When our daughter was born, we had just endured the COVID pandemic and the deranging mind virus that had birthed into the world at that time. My wife and I were struggling and the little soul that came was quite autistic and did not want to be loved the way we had wanted to love. Because we had entered into a covenant so sacredly, when we began to understand what it would mean to love our daughter, we had to grow up and grieve the loss of things that we had thought we wanted. We believed ultimately, that she deserved the full benefit of that vow—all the blessings that we might have enjoyed if the world had not been so wounded and all of us, so wounded inside. A vow does not just provide the covenant to guide us to our own promise of transcendence, arrival and belonging, but is also the ark in which we can find safe albeit harrowing passage in turbulent times, to tomorrow and safe harbour. Our vow became the shield, the aegis, by which we could shield our daughter and her own journey forever in this world, from the woundedness we had inherited. The way we have held space for her needs has helped her flourish and arrive, how she has learned to belong. Our vow created that.

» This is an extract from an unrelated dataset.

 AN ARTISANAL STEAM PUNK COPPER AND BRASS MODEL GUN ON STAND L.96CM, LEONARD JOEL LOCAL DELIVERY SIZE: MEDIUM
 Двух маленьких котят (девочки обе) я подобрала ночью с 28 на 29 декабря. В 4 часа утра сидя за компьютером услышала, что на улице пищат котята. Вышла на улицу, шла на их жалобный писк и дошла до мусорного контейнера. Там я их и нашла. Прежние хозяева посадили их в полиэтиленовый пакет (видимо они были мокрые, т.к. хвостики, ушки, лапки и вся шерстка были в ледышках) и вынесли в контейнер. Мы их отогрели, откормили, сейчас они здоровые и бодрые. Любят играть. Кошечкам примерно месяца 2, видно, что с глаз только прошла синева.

A vow after all is a binding commitment to choose to always look for elegant solutions to challenges in ways that look like love and leadership. A vow is a pre-emptive choice to not be a victim in this world. Vows are so powerful because a true vow can only be made by someone in deep and sincere relationship with their own truth. Because vows in this way are powered by our connection to our true self, and therefore our inner child and our shadow, vows have the power to shape reality. Vows make us doggedly inclined towards curiosity, imagination and therefore, to creativity, or to leadership. That level of determination driven by love, is how we transcend our current limits, how we strive to find paths, how we make the willing sacrifice of energy and attention and cycles to develop new skills and gain greater self-mastery.

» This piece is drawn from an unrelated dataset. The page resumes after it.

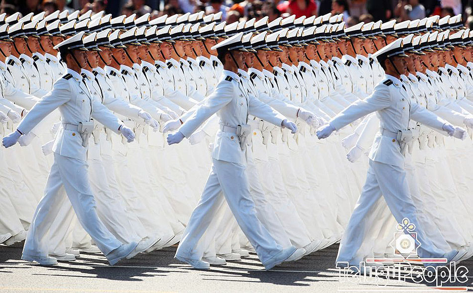 PLA sailors in white uniforms march past Tiananmen Square during the celebration of China's 60th anniversary on October 1, 2009 in Beijing, China.
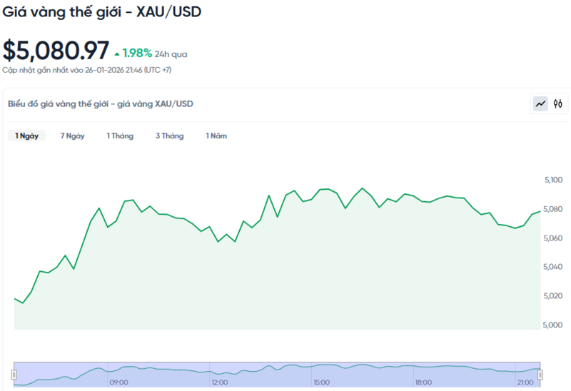Giá vàng thế giới hôm nay 27/01/2026 và biểu đồ biến động giá vàng thế giới 24h qua

XXIX Traveler, there is no path. The path is made by walking. Traveller, the path is your tracks And nothing more. Traveller, there is no path The path is made by walking. By walking you make a path And turning, you look back At a way you will never tread again Traveller, there is no road Only wakes in the sea.” Antonio Machado
Vows are how we grow and transcend. Devotion is the ongoing conversation. It is the sailor’s pilgrimage.
What I Learned to Know.
I know now, that to be free in this world, you have to choose you, above everything. And not (of course), a small greedy kind of selfishness, but the kind that refuses to let anything clip the wings of your soul, knowing the price you paid to get here. It is the kind that looks like self-ownership, that has you choosing your trials and losses, having touched, and been touched by, the sheer joy of how it is to be free, unburdened by anything that does not bring you alive or meet you in your sense of purpose.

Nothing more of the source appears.